As shocking as the photographs were from Abu Ghraib prison, perhaps more galling for me as a former executive branch lawyer was the claim attributed to one of the alleged participants that he had to learn about the 1949 Geneva Convention on his own by searching the Internet. How could the U.S. Army -- my army, which I know to be characterized by honor and integrity -- ask soldiers to detain and interrogate prisoners of war without training them in the fundamental rules that apply?

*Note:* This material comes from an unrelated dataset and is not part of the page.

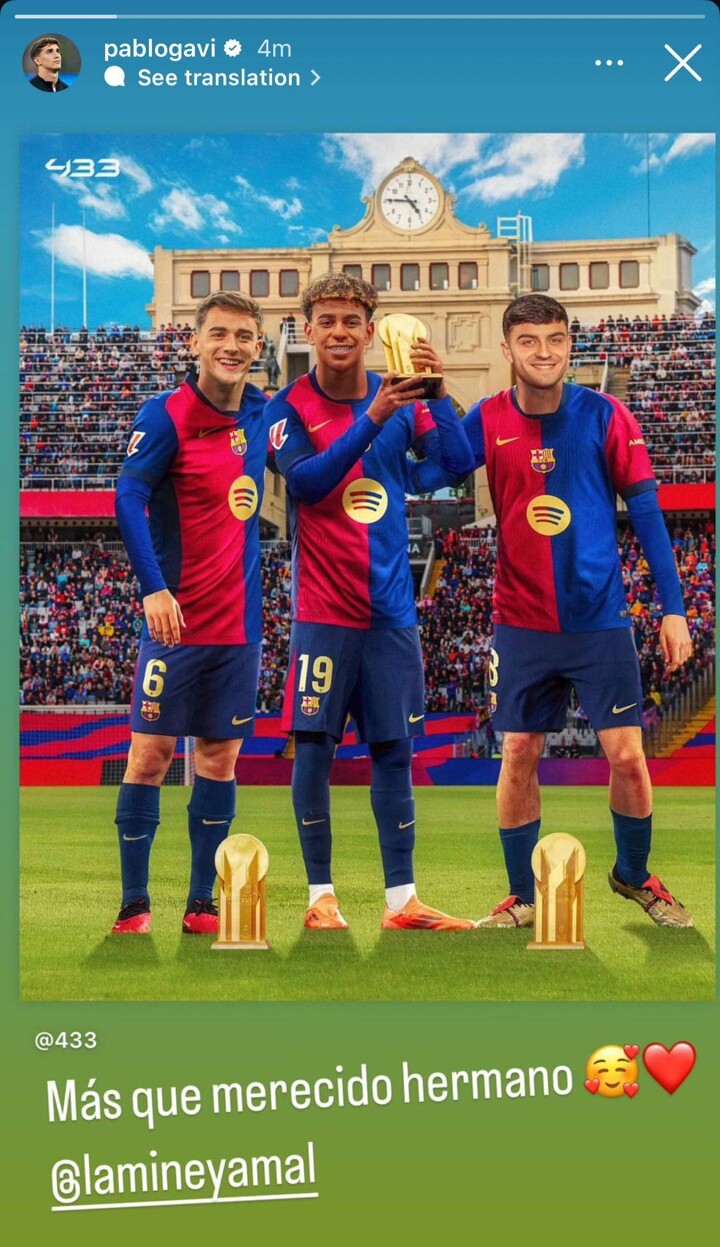 在亚马尔获奖后,加维在社交媒体上晒出了他与亚马尔、佩德里的合照,并发文写道:“实至名归,兄弟。”

Now we've learned that this was more than just a breakdown in a particular military command in Iraq. White House Counsel Alberto Gonzales, in a memorandum drafted for President Bush, declared -- with only a thin fig leaf of legal analysis -- that the nature of the war against terrorism simply rendered the Geneva Convention "obsolete." And the Wall Street Journal reported this week that, as recently as March of this year, executive branch lawyers advised Secretary of Defense Donald H. Rumsfeld that U.S. personnel were effectively exempt from international treaties and U.S. laws prohibiting torture. The theory? That law prohibiting torture "must be construed as inapplicable" to interrogations conducted pursuant to the president's wartime commander-in-chief authorities.

The U.S., through its democratic processes, freely agreed to comply with the restraints on torture and mistreatment of prisoners of war embodied in the Geneva Convention (in 1956) and the Convention Against Torture (in 1994), as have many, many other countries.